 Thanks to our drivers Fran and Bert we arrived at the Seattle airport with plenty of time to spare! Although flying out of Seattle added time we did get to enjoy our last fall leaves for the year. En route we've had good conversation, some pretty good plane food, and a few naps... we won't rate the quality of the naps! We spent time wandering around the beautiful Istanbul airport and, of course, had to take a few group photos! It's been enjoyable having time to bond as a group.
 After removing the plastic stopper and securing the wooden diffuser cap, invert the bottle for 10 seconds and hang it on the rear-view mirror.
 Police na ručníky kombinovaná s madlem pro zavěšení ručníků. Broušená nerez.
● ● ● ● ● ● ●
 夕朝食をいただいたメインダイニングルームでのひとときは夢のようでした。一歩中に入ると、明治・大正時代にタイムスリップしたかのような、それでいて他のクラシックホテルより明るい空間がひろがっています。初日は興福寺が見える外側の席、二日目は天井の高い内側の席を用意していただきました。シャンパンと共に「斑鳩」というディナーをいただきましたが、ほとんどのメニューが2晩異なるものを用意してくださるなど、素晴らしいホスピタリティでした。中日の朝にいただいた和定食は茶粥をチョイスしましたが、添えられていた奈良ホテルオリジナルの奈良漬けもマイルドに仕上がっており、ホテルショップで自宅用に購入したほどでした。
● ● ● ● ● ● ●
■ WHAT YOU ARE ASKED TO DO: Go back to the listing above. Copy word for word the lines from the one with "Thanks to our" through the one with "After removing the", and nothing more.

■ ANSWER FOR THE TASK:
 Thanks to our drivers Fran and Bert we arrived at the Seattle airport with plenty of time to spare! Although flying out of Seattle added time we did get to enjoy our last fall leaves for the year. En route we've had good conversation, some pretty good plane food, and a few naps... we won't rate the quality of the naps! We spent time wandering around the beautiful Istanbul airport and, of course, had to take a few group photos! It's been enjoyable having time to bond as a group.
 After removing the plastic stopper and securing the wooden diffuser cap, invert the bottle for 10 seconds and hang it on the rear-view mirror.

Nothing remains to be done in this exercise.